American educator and businessman (1938–1998)

Daniel James Kubiak (March 19, 1938 – August 30, 1998) was an educator and businessman from Rockdale, Texas, who served as a Democratic member of the Texas House of Representatives from 1969 to 1983 and again from 1991 until his death in 1998. During his tenure in the House, he was particularly known for his support of public education.

==Background==

Kubiak was the oldest of six children born in Reagan in Falls County to a Roman Catholic couple, John T. Kubiak (1914–2001), a farmer, later garage owner, and a native of Robertson County, and the former Connie M. Snider (1915–1999). He attended elementary and junior high school in Reagan but graduated in 1957 from Marlin High School in Marlin. In 1959, he received an Associate of Arts degree from Blinn College in Brenham in Washington County, Texas. Thereafter in 1962, he received a Bachelor of Business Administration from the University of Texas at Austin, which he attended on a football scholarship. In 1968, he procured a Master of Education degree from Midwestern State University in Wichita Falls, Texas. He also pursued graduate studies at Georgetown University in Washington, D.C. He later received a PhD in education from UT-Austin. From 1962 to 1963, he was a mathematics teacher and coach in Vernon, Texas, where he was also a semi-professional football player for the 1962 state champion Vernon Vikings. He then spent five years from 1963 to 1968 at Cypress-Fairbanks High School in Houston. In 1967, he received "Teacher of the Year" designation from both Cypress-Fairbanks High School and the Texas State Teachers Association.

==Legislative years==

Initially, Kubiak was elected to the legislature in 1968 from District 27, when he unseated an incumbent Democrat in the primary election. That district included Milam, Robertson, and his native Falls counties. He was elected the year that U.S. President Lyndon B. Johnson of Texas declined to seek a second full term in office. There is a photograph on Kubiak's memorial page of a youthful Kubiak speaking with Johnson, probably in the late 1960s. Kubiak was reelected to the state House in 1970, a heavily Democratic year in which Lloyd M. Bentsen, Jr., won the U.S. Senate race in Texas against future President George Herbert Walker Bush. In 1972, after redistricting, Kubiak defeated an incumbent Democrat in District 36, which included Waller, Washington, Milam, and Robertson counties. He was also reelected in District 36 in 1974, 1976, 1978, and 1980.
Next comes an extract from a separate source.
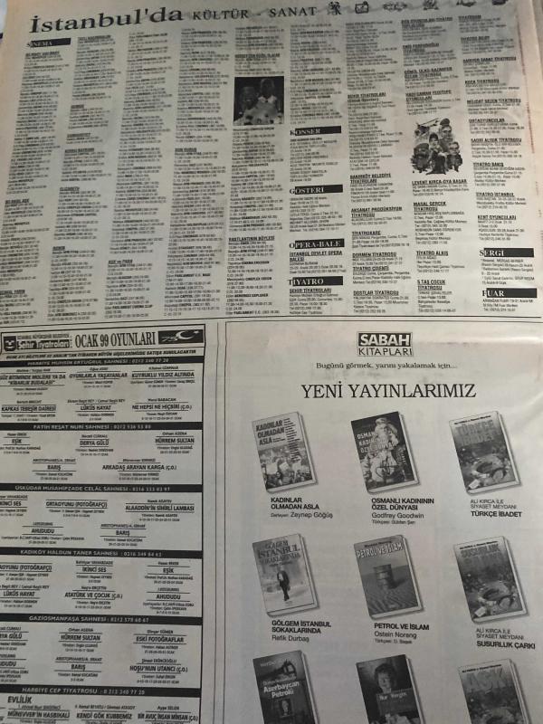 SABAH İSTANBUL GAZETESİ - 23 Aralık 1998- Hava durumu-Erdal Bilallar-Sarı sayfalar-İstanbulda bugün yer alan firmalar-Eczaneler-Sarı sayfalar-İstanbulda kültür ve sanat-Önemli telefonlar-erdal Çetin-baymak kombi-Engin akbaş-Bedrettin dalan-Küçükçekmece-Erenköy-Bayrampaşa-Kadıköy-Bağcılar-Ümraniye-Eyüp-Şişli-Barbaros tamtürk-Taner Göncüler-Okan düzgün-İzmirli kürk Sarayı-Zeynep göğüs-Ramazan Yazgan-Vatan migros’u-boyut otomotiv-üç baba Hasan müzikli oyun-Levent kırca-Oya başar-Aşk memuru-Müjdat gezen tiyatrosu-Hababam Sınıfı-Ferhan Şensoy-ses tiyatrosu-orta oyuncular-sabah kitapları-Ömer bali bey-Celal Çapa-Karagöz Hacivat oyunu-Hatice Aslan-Ertunç Çam-Nermin deliorman-Muzaffer Önal-Ayça Genç-Merve gönder, DİNÇ BİLGİN tarafından kaleme alınmıştır. SABAH İSTANBUL GAZETESİ - 23 Aralık 1998- Hava durumu-Erdal Bilallar-Sarı sayfalar-İstanbulda bugün yer alan firmalar-Eczaneler-Sarı sayfalar-İstanbulda kültür ve sanat-Önemli telefonlar-erdal Çetin-baymak kombi-Engin akbaş-Bedrettin dalan-Küçükçekmece-Erenköy-Bayrampaşa-Kadıköy-Bağcılar-Ümraniye-Eyüp-Şişli-Barbaros tamtürk-Taner Göncüler-Okan düzgün-İzmirli kürk Sarayı-Zeynep göğüs-Ramazan Yazgan-Vatan migros’u-boyut otomotiv-üç baba Hasan müzikli oyun-Levent kırca-Oya başar-Aşk memuru-Müjdat gezen tiyatrosu-Hababam Sınıfı-Ferhan Şensoy-ses tiyatrosu-orta oyuncular-sabah kitapları-Ömer bali bey-Celal Çapa-Karagöz Hacivat oyunu-Hatice Aslan-Ertunç Çam-Nermin deliorman-Muzaffer Önal-Ayça Genç-Merve gönder adlı eser Türkçe dilindedir. Eserin içeriğinde Türkçe dilinde bölümlere de yer verilmektedir.

After his seventh term in the state House, Kubiak lost a Democratic primary race for Texas land commissioner to Garry Mauro of Bryan, a confidant of later U.S. President Bill Clinton. Kubiak's House seat was in turn won by his brother, L. B. Kubiak, a veterinarian. In 1983, Dan Kubiak failed to unseat Republican convert Phil Gramm for U.S. representative in the Bryan-College Station district. A former Democrat, Gramm switched parties to support the administration of President Ronald W. Reagan. Gramm resigned his House seat but retained the post in a special election in which Kubiak was one of Gramm's challengers. In 1984, Kubiak won the Democratic nomination for Congress over State Senator Hugh Parmer of Fort Worth but lost the general election to the still serving Republican, Joe Barton, who succeeded Gramm in the House upon Gramm's election to the U.S. Senate seat vacated by John G. Tower. During the 1980s, Kubiak devoted much of his energy to real estate, farming, and construction projects.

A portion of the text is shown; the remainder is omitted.